HDMI cable works fine with my HD DTH settopbox (bundled with the dth)

Tried 2 ways to get the display:-

-- connected the hdmi cable & pressed the power button for few sec till i hear second beap.no diaplay thru hdmi

-- connected first thru the normal cable and tried to change the setting manualy. display goes black but comes back thru the normal cable

Pls help


----------



## JojoTheDragon (Apr 9, 2012)

Do a cold reboot.
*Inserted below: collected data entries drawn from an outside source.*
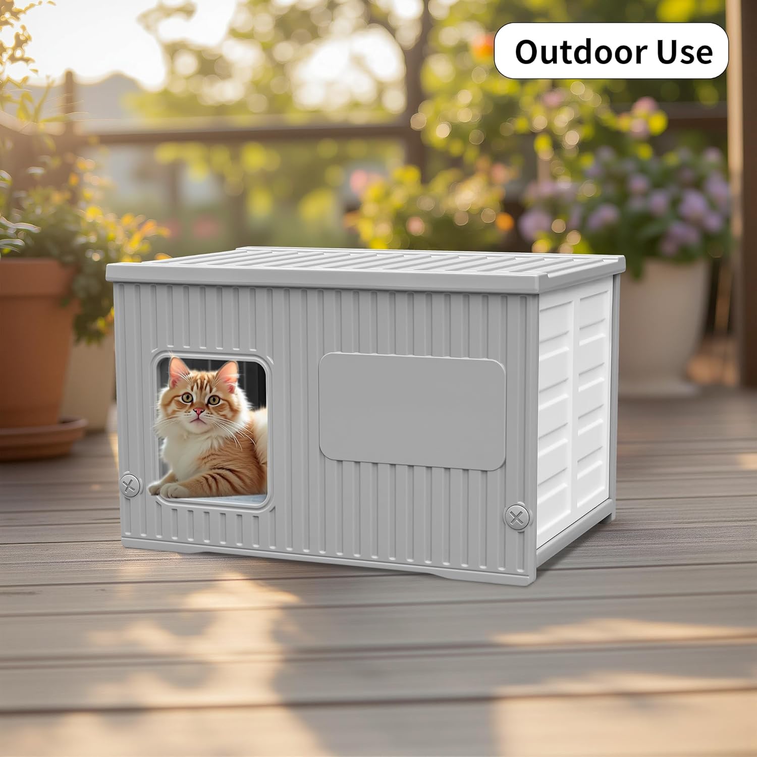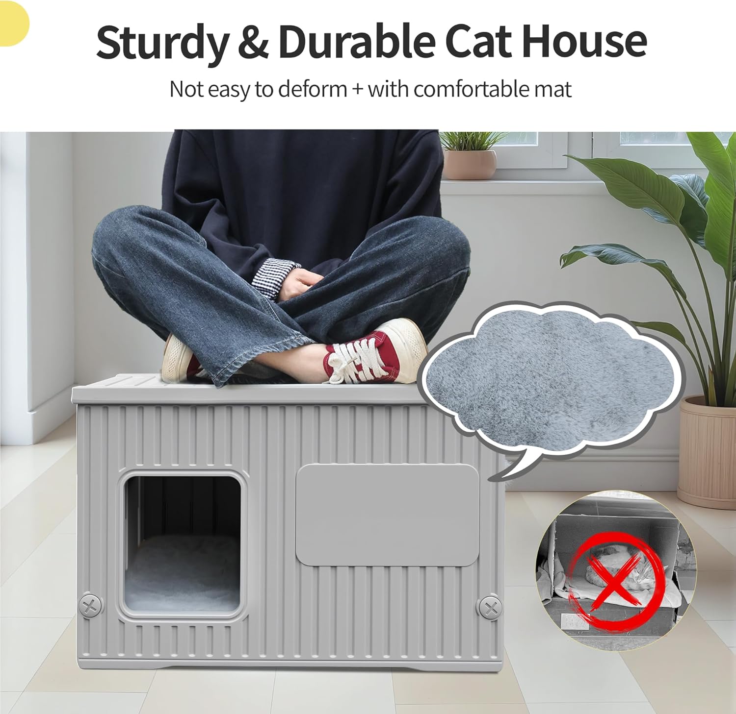 About this item Plastic cat house dimensions: 22.2"L x 15.4"W x 14.3"H, enough space for 1-2 cats Can be Stacked: The top and bottom patterns are perfectly match. If there are 2 or more cats in your home, You can consider buying more cat houses and stacked them as a Multi-story cat house to save you space Warm Outdoor Cat Bed Mat: the bed mat is made from ultra-soft fluffy fabric, which creates a warm sleeping surface for pets to curl up in cozy comfort Thickened Double-layer: Each wall of this outdoor cat house has a thickened double-layer design, the bottom is elevated with a sturdy stand, Three sides are sealed (except for the entrance), suitable for both indoor and outdoor. Easy to Assemble: Outdoor cat house for feral cats equipped with instructions, you just need to install it according to the steps. It can be completed in less than five minutes. Once correctly assembled, the stable structure will never split or fall apart Easy To Clean: Our outdoor cat house is made from durable HDPE material, 100% waterproof outdoor cat house without worrying about bad weather. Additional tools can easily disassemble the cat house, which is convenient for daily maintenance and cleaning › See more product details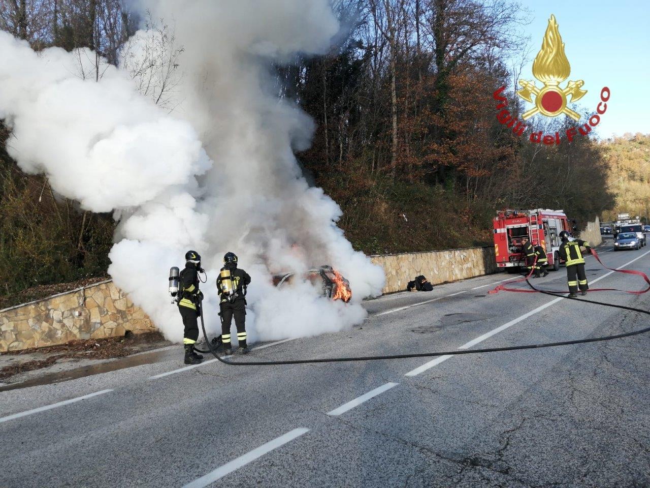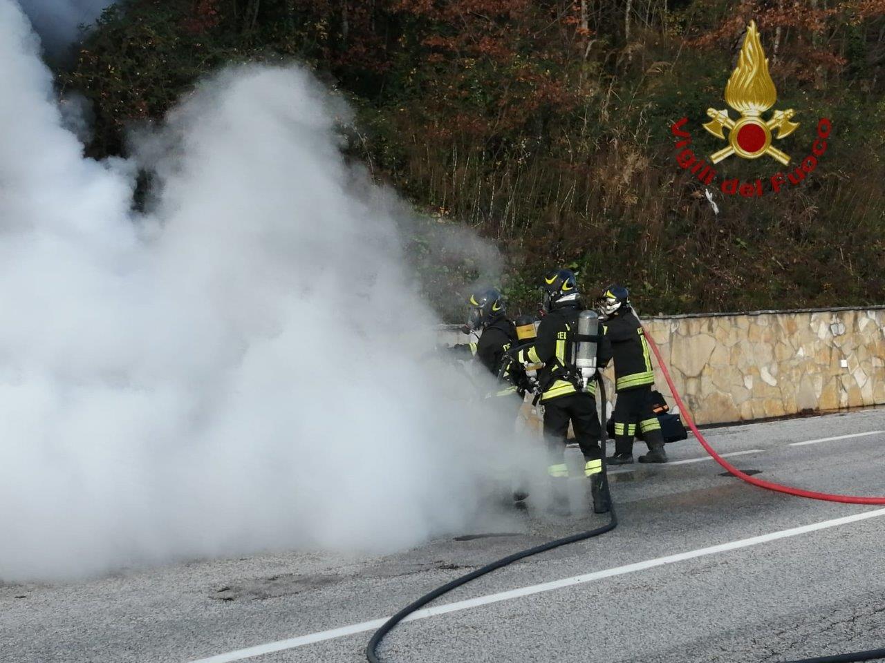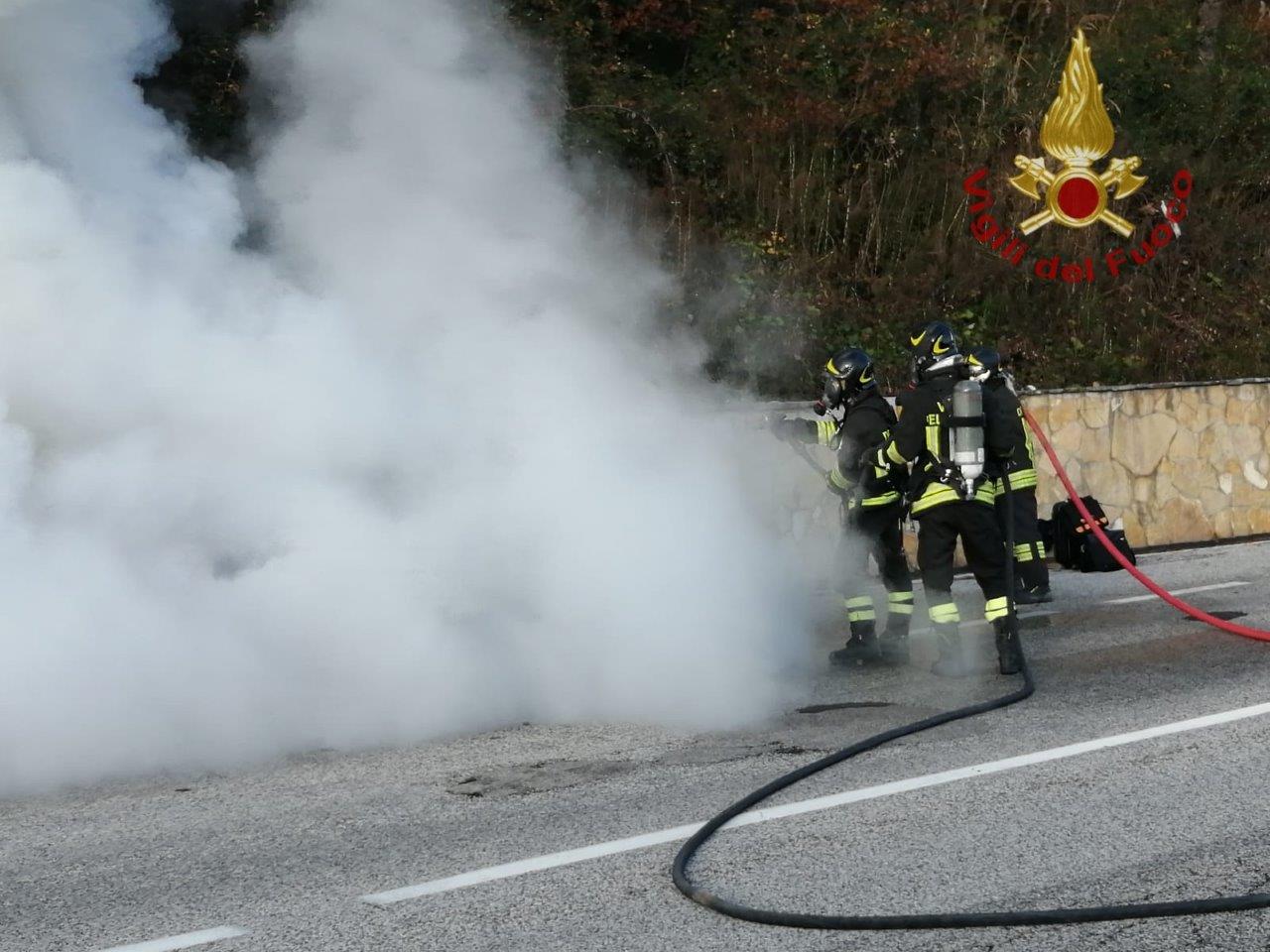 Necessario l’intervento dei Vigili del Fuoco del Comando Prov.le di Isernia per lo spegnimento. Sul posto anche i Carabinieri per i rilievi del caso e personale ANAS per il ripristino della viabilità.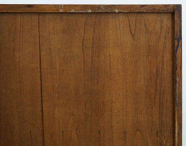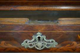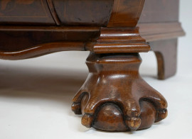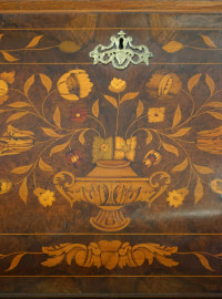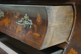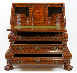 Ribalta olandese, impiallacciata ed interamente intarsiata a intrecci floreali. La parte superiore con calatoia formante scrittoio con all'interno cassettini e sportellino centrale, la parte inferiore con tre tiretti e zampe rapaci, cm 109x100x60, (piccoli difetti)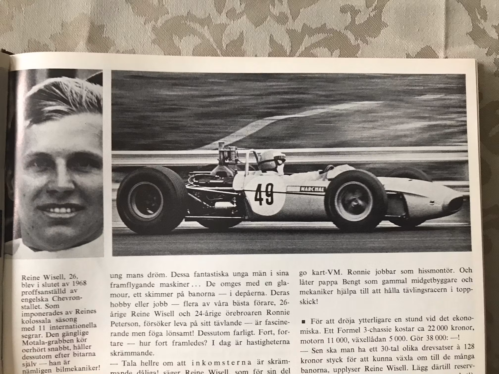 Ett mycket spännande år i svensk motorhistoria. Kampen mellan Ronnie Peterson och Reine Wisell var stenhård. Mycket bilder och bra text.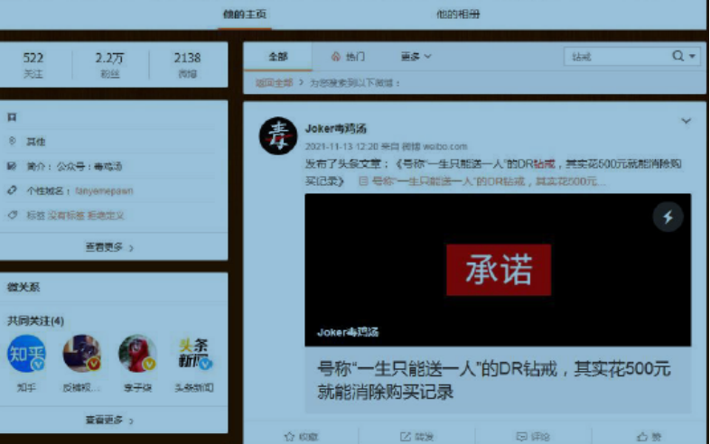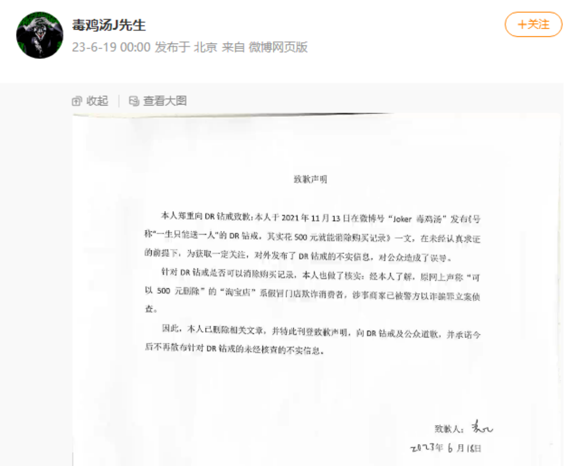 6月19日零点,自媒体博主@毒鸡汤J先生在微博上发布了一则公开道歉声明,表示自己为获取一定关注,未经认真求证就于2021年11月13日对外发布《号称“一生只能送一人”的DR钻戒,其实花500元就能消除购买记录》文章一则,对公众造成了误导,特此刊登致歉声明,向DR钻戒及公众道歉。其本人已删除相关文章,并承诺今后不再散布针对DR钻戒的未经核实的不实信息。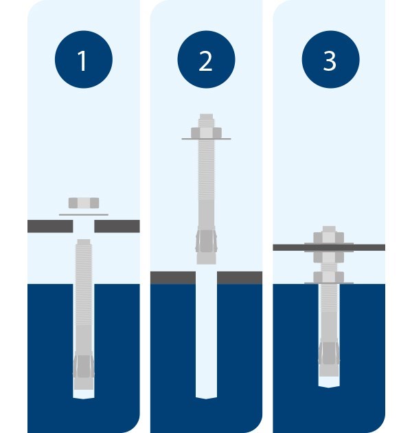 Grundregeln är att ju djupare ankaret monteras desto bättre utnyttjas grundmaterialets hållfasthetsegenskaper vilket ger en starkare infästning. Följ uppgifterna i grundmaterialets om maximitjockleken tfix och monteringsdjupet hnom.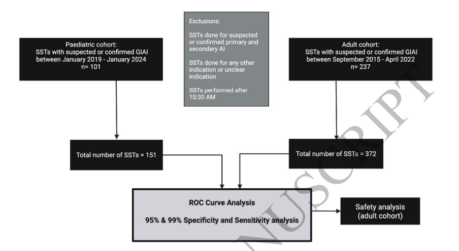 本研究为一项回顾性观察性队列研究,纳入英国谢菲尔德两家医院在2019年至2024年间进行的151例儿童SST和2015年至2022年间372例成人SST。所有患者均因长期使用糖皮质激素(成人≥5 mg/d泼尼松或等效剂量≥4周,儿童可能更低剂量≥3周)而接受SST以评估GIAI。SST合格标准定义为注射Synacthen后30分钟血清皮质醇≥430 nmol/L(15.6 μg/dL)。EMC作为SST前0分钟皮质醇值进行采集,儿童样本使用Vitros 5600分析仪,成人样本使用Roche Elecsys Cortisol II分析仪,ACTH测定采用Siemens Immulite 2000化学发光法。研究通过受试者操作特征曲线分析评估EMC、ACTH及皮质醇/ACTH比值对SST结果的预测能力,并计算了95%和99%灵敏度与特异性对应的截断值。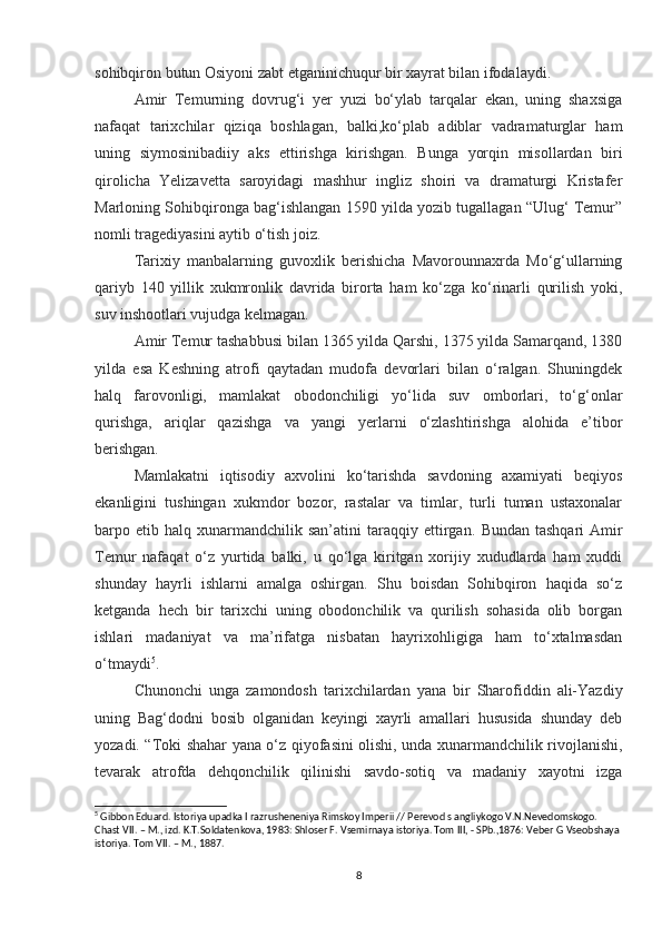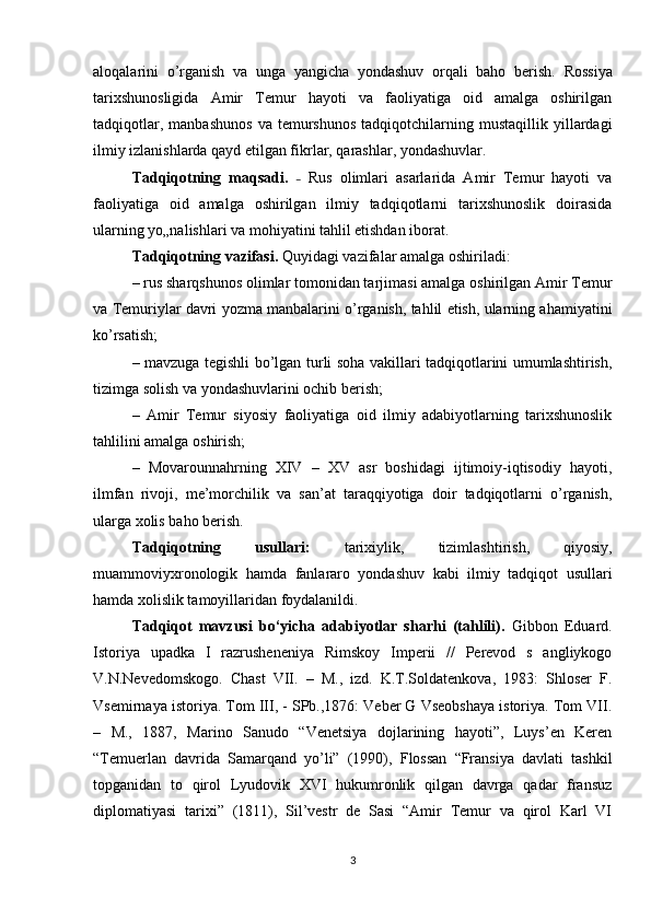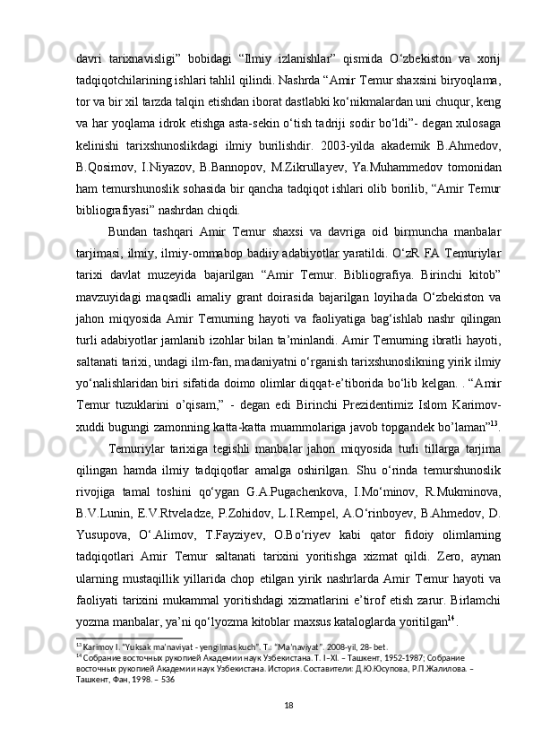 1.2. Rossiya tarixchilarining Amir Temur davrini tadqiq etishi ......................... 11-15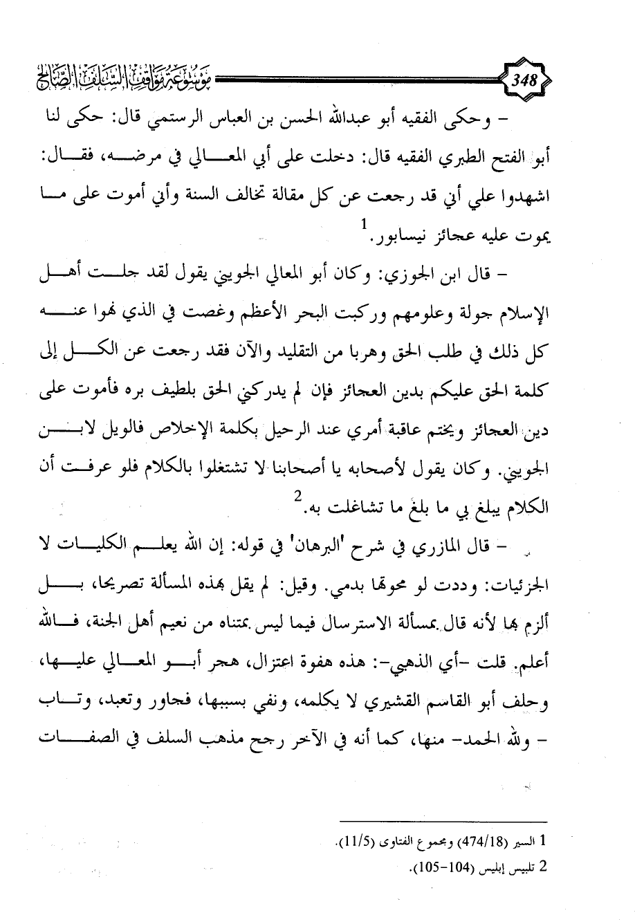 - وحكى الفقيه أبو عبد الله الحسن بن العباس الرستمي قال: حكى لنا أبو الفتح الطبري الفقيه قال: دخلت على أبي المعالي في مرضه، فقال: اشهدوا علي أني قد رجعت عن كل مقالة تخالف السنة وأني أموت على ما يموت عليه عجائز نيسابور. (¬1)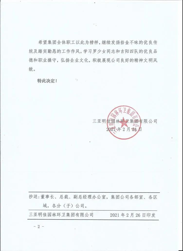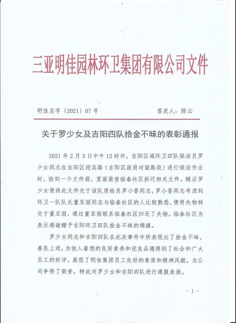 會(huì)上,明佳集團(tuán)黨支部書記、董事長(zhǎng)陳明宣讀了《關(guān)于羅少女及吉陽(yáng)四隊(duì)拾金不昧的表彰通報(bào)》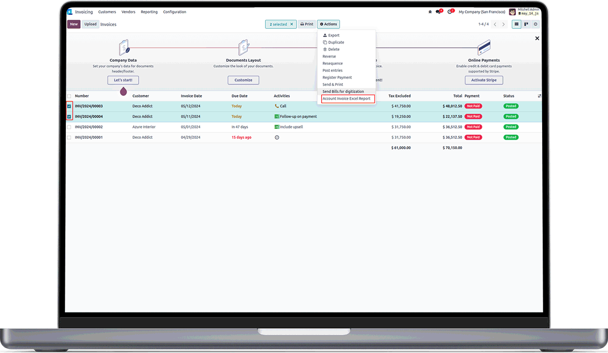 By clicking the Account Invoice Excel Report button we can print the Excel report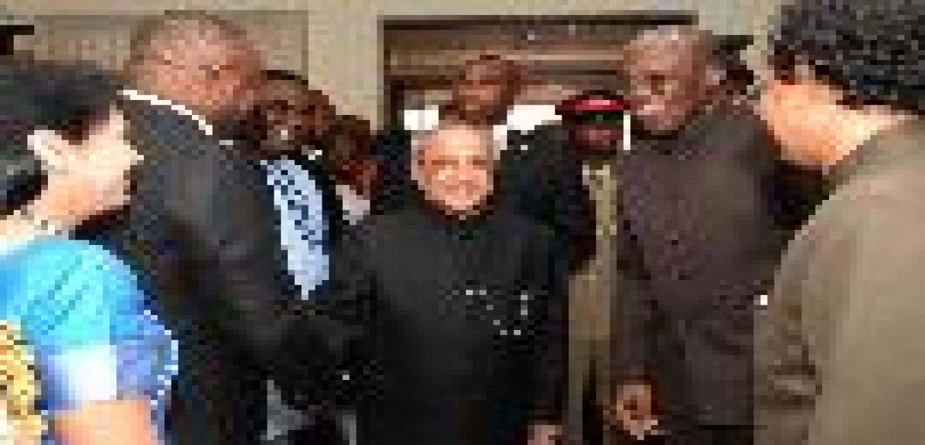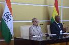 The President of India, Shri Pranab Mukherjee alongwith his official delegation Dr. Jitendra Singh, Shri Mansukh L Mandaviya and Shri S.S. Ahluwalia meeting the President of the Republic of Ghana, H.E. Mr. John Dramani Mahama, at Flagstaff House, in Accra, Ghana on June 12, 2016.

Remove the HDMI cable and power cable from both the PS3 and your TV. Wait for two/five minutes and then connect them back and turn on.


----------



## walve (Apr 10, 2012)

no luck....

do i need to get sony hdmi cable to get it working..


----------



## newway01 (Apr 10, 2012)

Are you sure you have done the video reset properly?

With the PS3 in stand by mode, press and hold the power button for 10 secs.. (until you hear the second beep) this cause the PS3 to reset the display properties back to 480i..Follow the onscreen instructions to set it back up to 1080i

Also make sure you have the correct input settings selected on your TV.


----------



## walve (Apr 10, 2012)

Found out that there is no issue with the console...had taken to croma where HDMI worked fine.

after saving the setting in croma tried at home only to find it still does not work..clueless..


----------



## walve (Apr 12, 2012)

does the HDMI cable have versions

tried connecting using the same cable on a different TV, result was same...black screen...

guess have to get a new hdmi cable...


----------



## walve (Apr 15, 2012)

turned out to be hdmi cable issue...works fine with new cable


----------